= Tamsin Blanchard =

English fashion journalist, author, and lecturer

Tamsin Blanchard is a English fashion journalist, author, and lecturer. She is particularly known for her work on sustainability and ecological issues in fashion.

==Early life and education==
Blanchard was born in Liverpool and took a fashion journalism course at Central Saint Martins.

==Journalism==
In 1998, Blanchard started up a biannual fashion and visual arts magazine titled IT, for which she was publisher and co-editor. She was also at The Independent as a fashion editor, and from 1999 to 2005 was Style Editor at The Observer. She then joined The Daily Telegraph as style director for their magazine.

The Fashion Museum, Bath, chose Blanchard as the fashion journalist to select the most defining looks of 1996 for their Dress of the Year collection. She picked out an Alexander McQueen tunic and 'bumster' trousers from his "Hunger" collection for the womenswear look, and a man's Paul Smith electric blue two-piece suit and shirt. At the press launch, the clothes were modelled by Jimmy Pursey and his then partner Tizer Bailey, the model who had originally worn the McQueen ensemble in the designer's catwalk presentation. Blanchard said at the time that McQueen, who had recently succeeded John Galliano as the designer for Givenchy, was one of the strongest representations of mid-nineties "cutting-edge style," whilst Smith's suit represented the revolution in menswear where the male consumer was increasingly aware of labels and design.

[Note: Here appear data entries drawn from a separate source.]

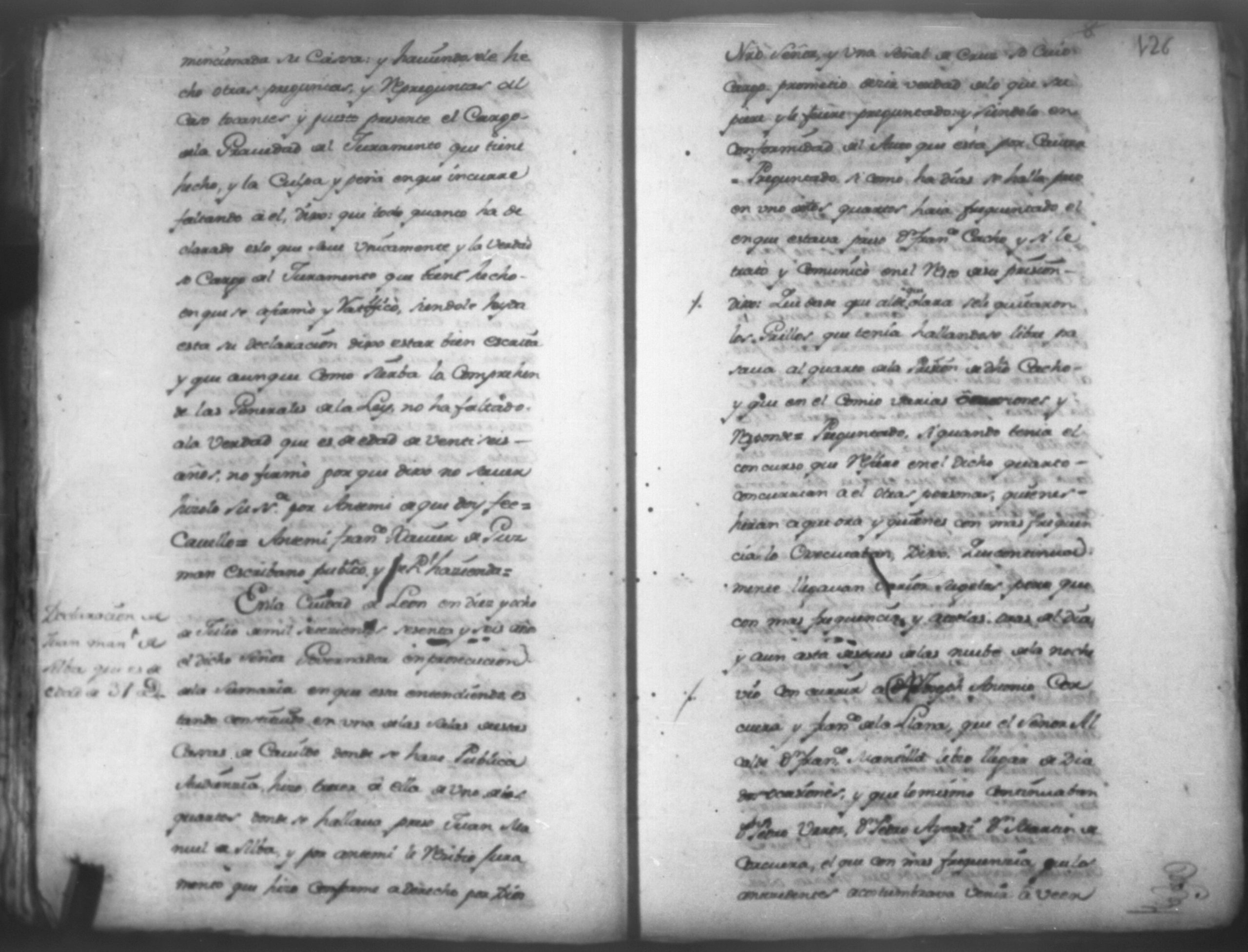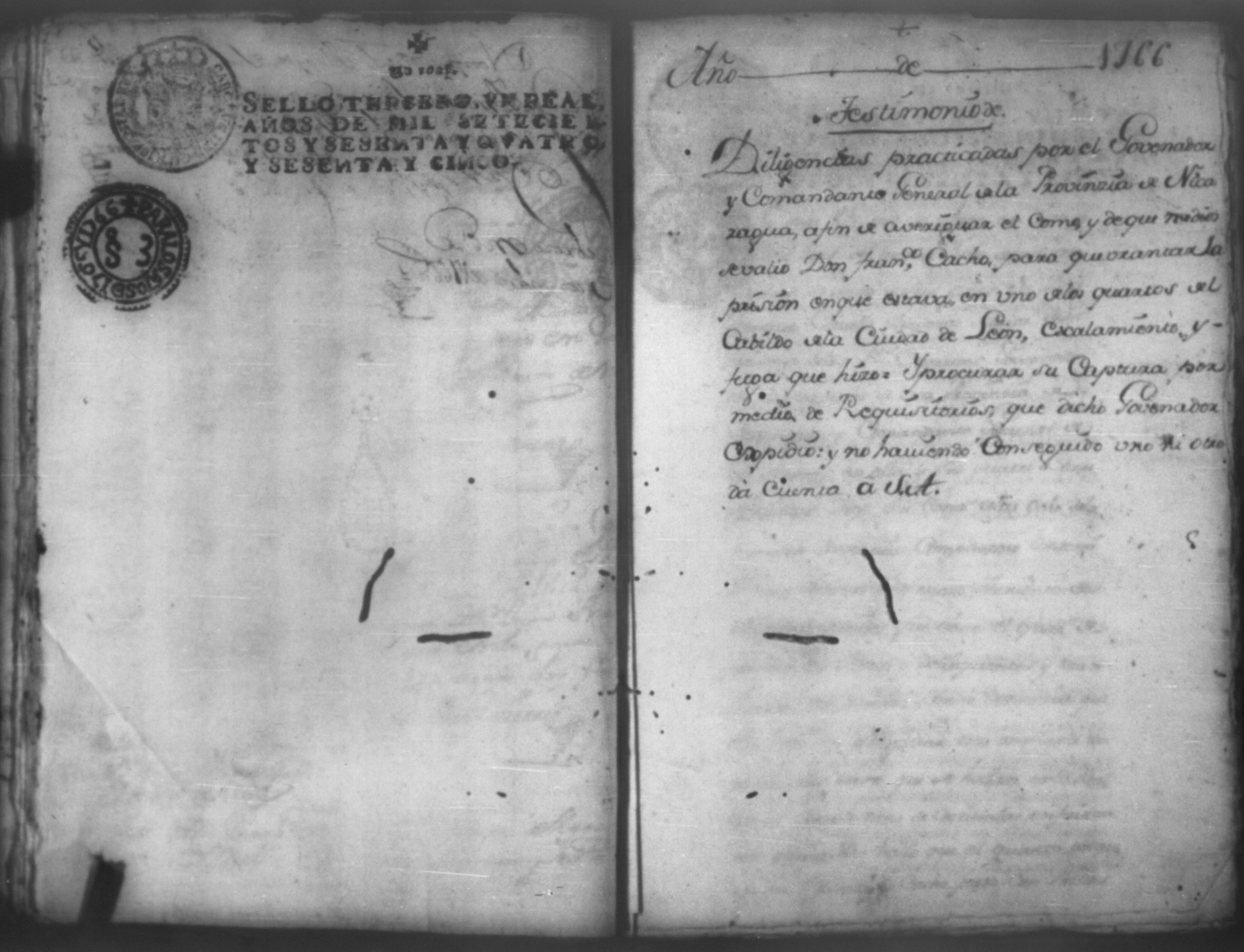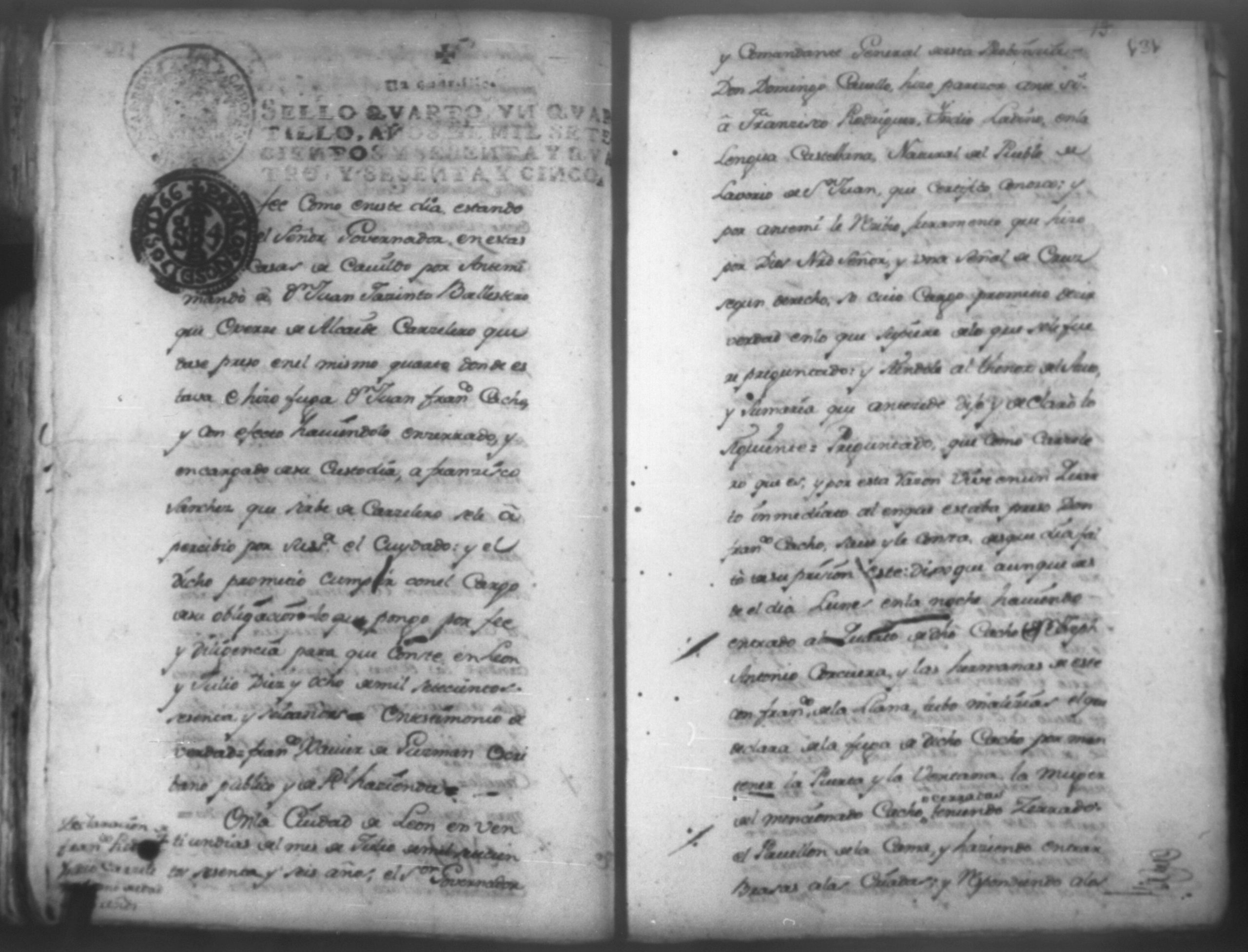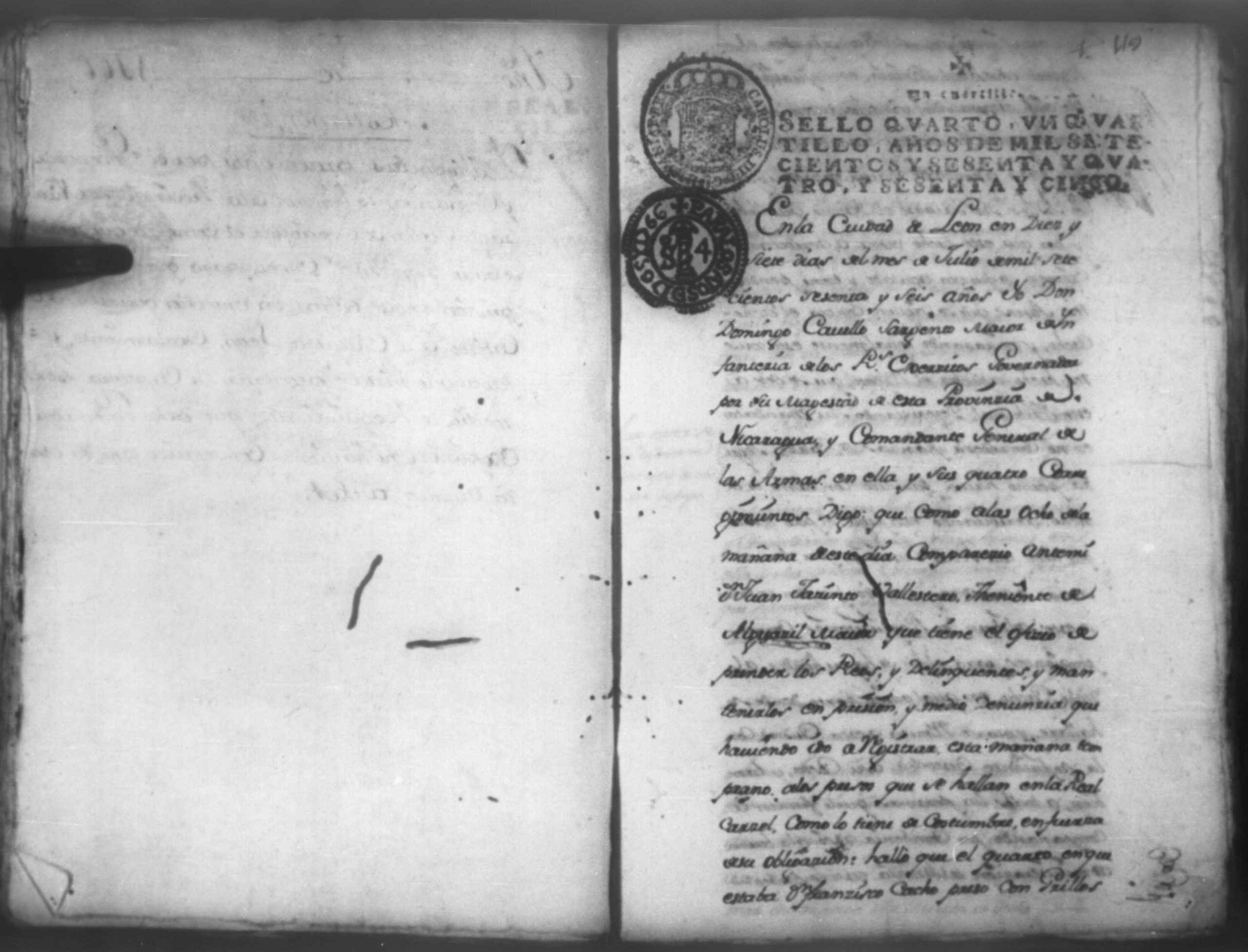 Temática: En la ciudad de Leon, Don Pedro Chamorro por aviso que le hiciero que Don Francisco Cacho vecino de esta ciudad de León queria matar a su mujer Doña Juana Garcia de la Llana mando con un criado a Don Juan Francisco Cabeza de Baca, Alcalde Ordinario segundo voto de esta referida ciudad de Leon a fin de que le auxilie para impedir la [...] denuncia que se la habia hecho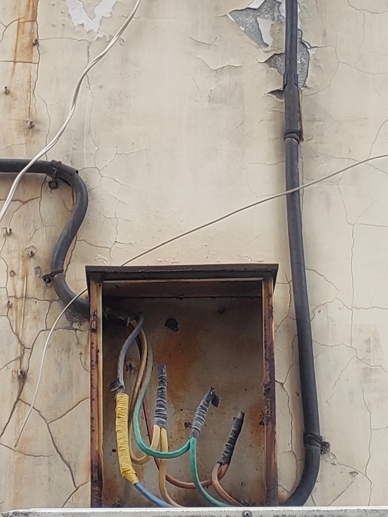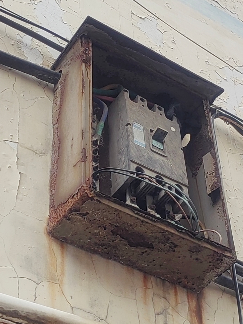 政府,您好,我们这里是金富城新建社区原沅江纸厂拆迁户1栋居民哥,现发现附着在一栋东侧墙上的总电源开关,及分支箱的箱门都不翼而飞,且严重锈蚀,值用电高峰时候,存在极大的安全隐患,给居民人身及财产带来极大的潜在威胁,。本着事前预防,不浪费事后公共资源的原则,诚请政府解决相关问题。感谢为敬!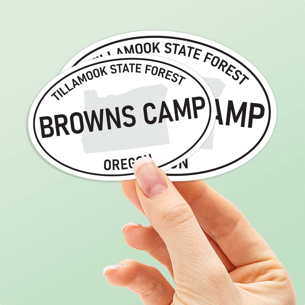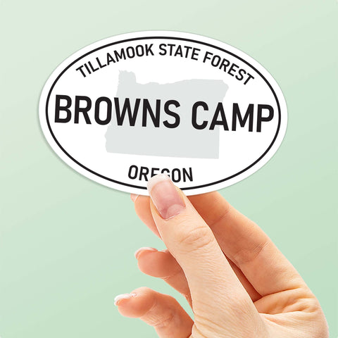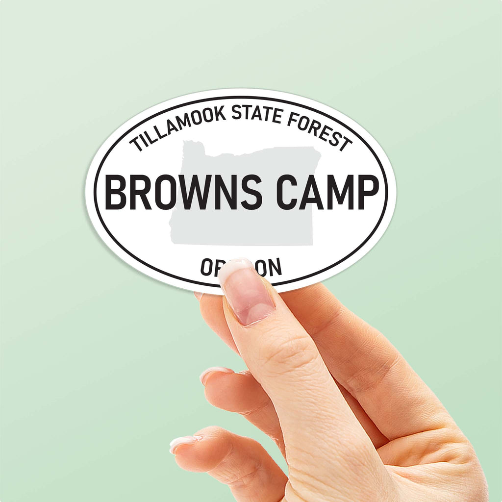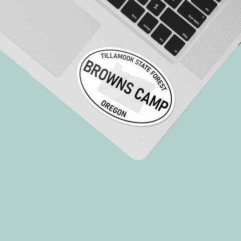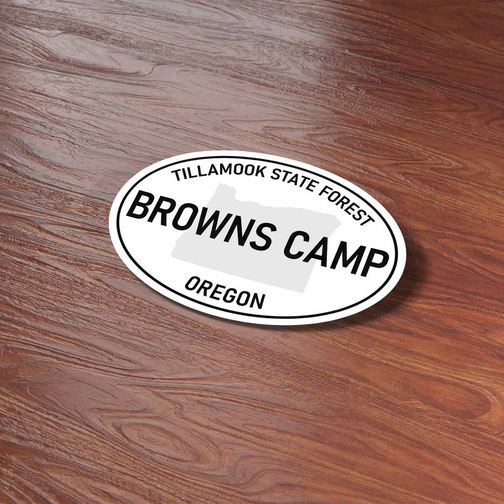 White oval Browns Camp Oregon stickers, 2 sizes: 3" wide laptop decal or 4" bumper sticker size. Waterproof vinyl decal for indoor & outdoor use. Made in USA.

Blanchard is also a fashion correspondent for the Victoria and Albert Museum's magazine and a contributing editor to 10 Magazine. She has also contributed to Vogue, Marie Claire, Harper's Bazaar and Rubbish.

Blanchard has been invited to teach fashion journalism at the University of Westminster and Central Saint Martins.

==Author==
Blanchard's best-known book is probably Green is the New Black: How to Change the World with Style, published in 2007 and dealing with ecological awareness in a fashion-conscious lifestyle. TreeHugger reviewed the book favourably, noting that while Blanchard was not as authoritative on eco-issues as Lucy Siegle, she had still written a well-informed, fair-handed book that wrote accessibly about how to be both fashion-conscious and environmentally aware, and the EcoSalon website listed it as among their top 15 books on eco-fashion. The book established Blanchard as an authority on the subject of eco-consciousness in fashion, leading to her being approached for commentary on the topic.

===Selected bibliography===
- Graham, Tim (1998). "Dressing Diana"
- Blanchard, Tamsin (1999). "Antonio Berardi: Sex and Sensibility"
- Blanchard, Tamsin (2000). "The Shoe: Best Foot Forward"
- Blanchard, Tamsin (2004). "Love Your Home"
- Blanchard, Tamsin (2007). "Green is the New Black: How to Save the World in Style"
- Blanchard, Tamsin (2019). "100 Styles, 100 Women"

==Personal life==
Blanchard lives in London with her partner and their children.